What role will the Dáil play in holding the Government to account? Much depends on John O’Donoghue.

The role of Ceann Comhairle has traditionally interpreted the convoluted 173 standing orders as a means of preserving the status quo rather than rigidly enforcing the Dáil’s prerogative to act as a check on government.

For instance, the Ceann Comhairle decides before the order of business what questions of “urgent national importance” are allowed to be discussed on the floor of the Dáil.

It is disquieting then that the very integrity of the Ceann Comhairle has been placed under such scrutiny over the past two months. Some €126,000 in foreign travel bills over two years, which includes the €1,400-a-day chauffeur to ferry him around Cheltenham, have become lightning rods for an angry public on how utterly out of the touch the body politic has become.

O’Donoghue’s statement yesterday to members of the Dáil demonstrates what is wrong with Irish public life.

It is an example of how normal became to be defined.

The inuring of expenses are invariably described as a “standard and common feature of holding such offices”, “well-established procedures”, “standard practice”, “this has been the case for decades”, and as “legitimate and in accordance with the Department of Finance guidelines”.

O’Donoghue’s three-page statement was a justification of how normal the overindulgence in public money had become.

The very fact that he addressed the letter to members of the Dáil, and not the public, is a measure of just how removed and distant the political class has become.

He must win the public’s confidence, not just that of his peers, if he wishes to remain in office.

The extent of O’Donoghue’s unorthodox largesse at the taxpayer’s expense may indeed be no different than many of his ministerial colleagues at the height of the Celtic Tiger.

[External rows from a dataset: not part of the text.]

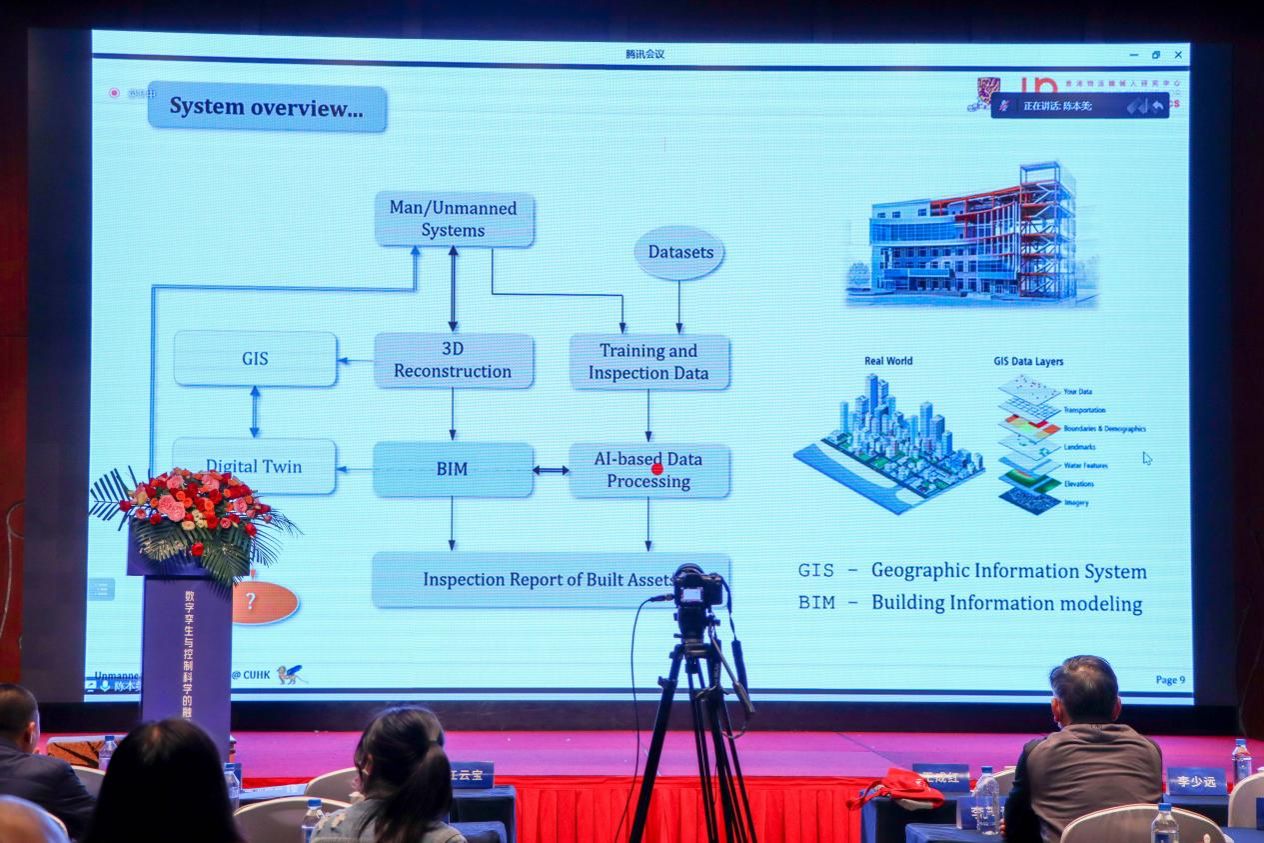 最后,新加坡工程院院士、香港中文大学陈本美教授作题为《AI and UAS Technologies for Infrastructure Inspection and Management》的主旨报告。报告中陈院士展示了一个具有先进AI和无人机系统(UAS)技术且完全自主、功能齐全的基础设施检查和信息管理系统。该系统包括用于自动飞行控制、任务和运动计划的复杂无人机硬件平台和软件系统,可用于图形和红外数据处理的人工智能算法和软件平台,以及与数字孪生和地理信息系统(GIS)集成的建筑信息建模(BIM)和管理系统。与人工检查相比,具有更经济、更安全、更灵活和更高效的优点,也可用于其他工业应用领域。
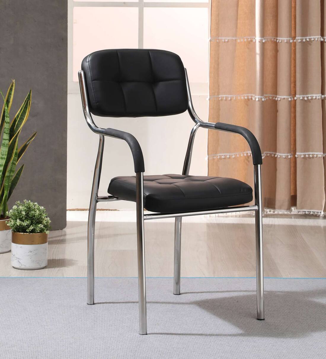Modern Furniture reflects the design philosophy of form following function prevalent in modernism. These designs represent the ideals of cutting excess, practicality and an absence of decoration. Multipurpose leather chair can be used for meeting, conference etc.coated metal leg to avoid rust .it is comfortable and durable. also stackable.
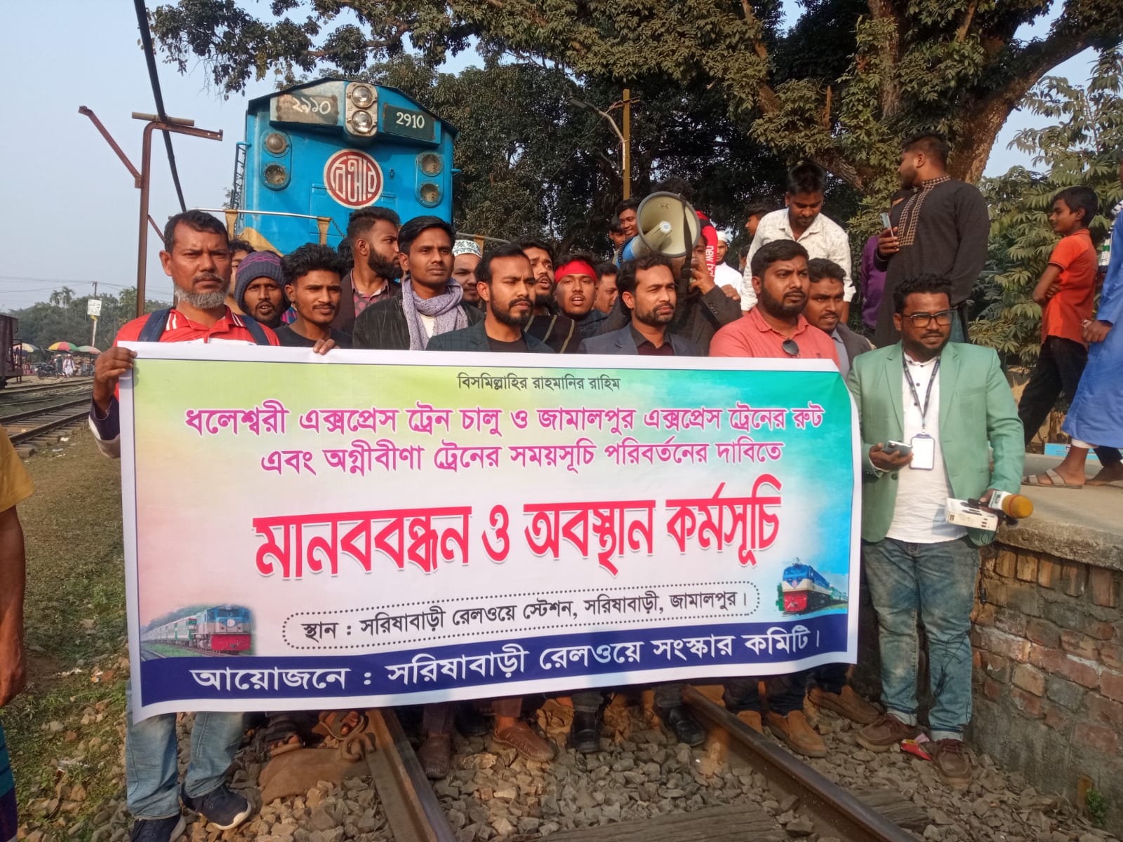 বন্ধ ট্রেন পুনরায় চালু, আন্তঃনগর এক্সপ্রেস ট্রেনের সময়সূচি পুনর্বিন্যাস ও রুট সংশোধনের দাবিতে জামালপুরের সরিষাবাড়ীতে আন্তঃনগর ট্রেন আটকে মানববন্ধন ও অবস্থান কর্মসূচি পালন করেছে রেলওয়ে সংস্কার কমিটি।

But that does not make it right.

The CAG special report into Fás, published last week, also revealed how liberties with the public purse had become so normalised.

The CAG exotically describes the spending of €622,000 into nothing as “nugatory expenditure”.

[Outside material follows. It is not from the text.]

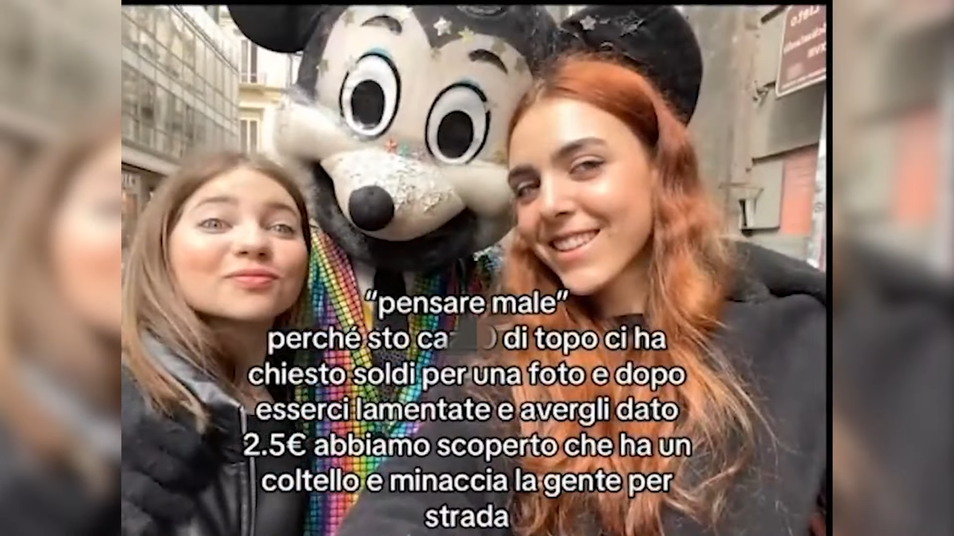 意大利拿坡里(Napoli)地區警方正在調查一名被稱為「魯波里諾」(Rubolino)的男子,他穿着迪士尼的米奇人偶裝,涉嫌在觀光景點托萊多街(Via Toledo) 強拉路人拍照並要錢,如有不從,他就會拿刀威脅。
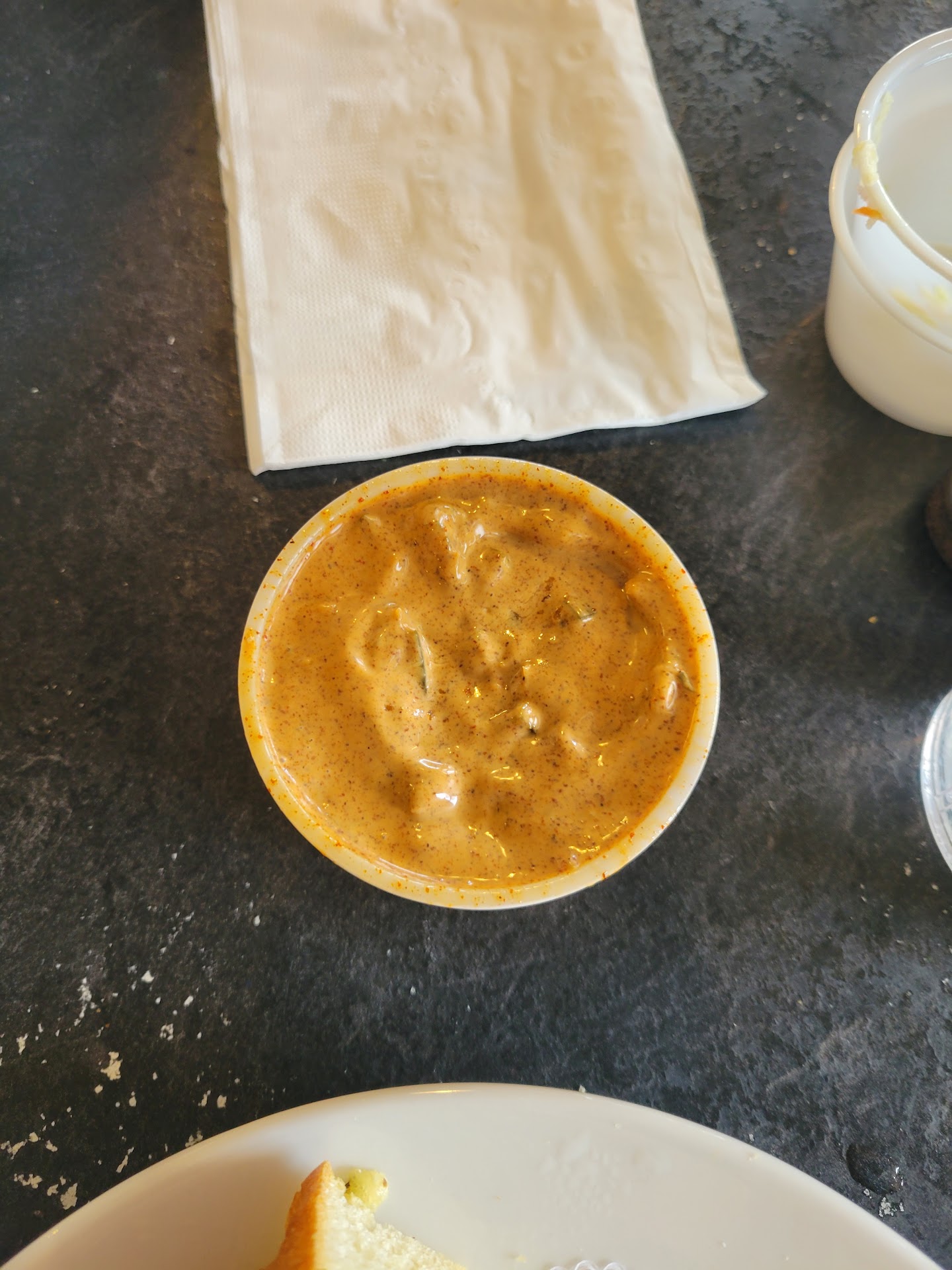 Around 10-15 minutes later, I received my cup of soup. Shortly after, we got our orders. First off, they advertise "beer battered" seafood. As you can see from my pictures, the fish was almost battered in... Shake-'n-Bake. It was heavily breaded in a panko/breadcrumb like crust. It definitely wasn't what we were expecting. The fish itself was overcooked, and the oil definitely was a day away from being shot. The clam chowder was pretty decent, thankfully. The chili lime tartar is WAY overly seasoned and almost gritty. I included a photo. Definitely not what I was expecting. It doesn't pair well with fish. Their regular tartar is very good.

A further €600,000 was spent on TV advertising which was never broadcast and €9,200 for a car which was never delivered.

Former Fás director general Rody Molloy was the only person to take responsibility for the gross mismanagement of public funds.

Admitting responsibility is such a rare thing in public life that it is rewarded.

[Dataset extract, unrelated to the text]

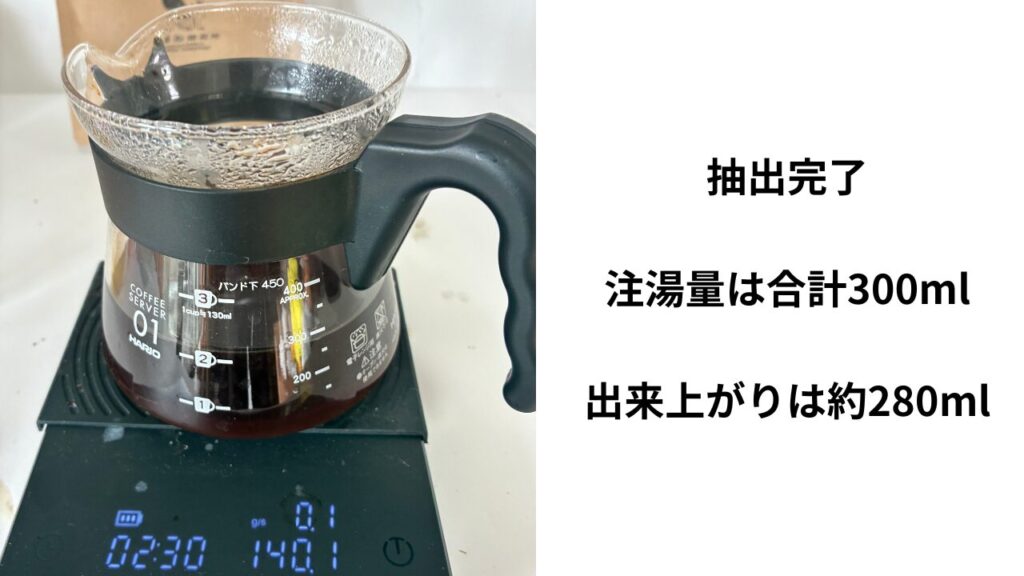 - コーヒー豆12gに対して湯量180mlを注ぎ、出来あがりは約150ml。

In Molloy’s case, his early retirement on full pension rights, not resignation, was complemented with a pension top-up golden handshake.

Nonetheless, the same Rody Molloy is still chairman of the Institute of Public Administration, the “national centre for the development of best practice in public administration and public management”.

Peter McLoone, chairman of Fás, told RTÉ’s Radio One’s This Week programme that the agency’s board were told twice by the Government to stay on rather than resign, despite damning reports from the Dáil Public Accounts Committee on Fás expenditure.

McLoone’s confirmation that the board will now resign merely reflects a transfer to new Fás structures currently being put in place.

The controversies of the past and the recent O’Donoghue and Fás incidents have much in common.

Ethical irregularities became defined as normal because they were officially endorsed in the knowledge of an absence of consequences.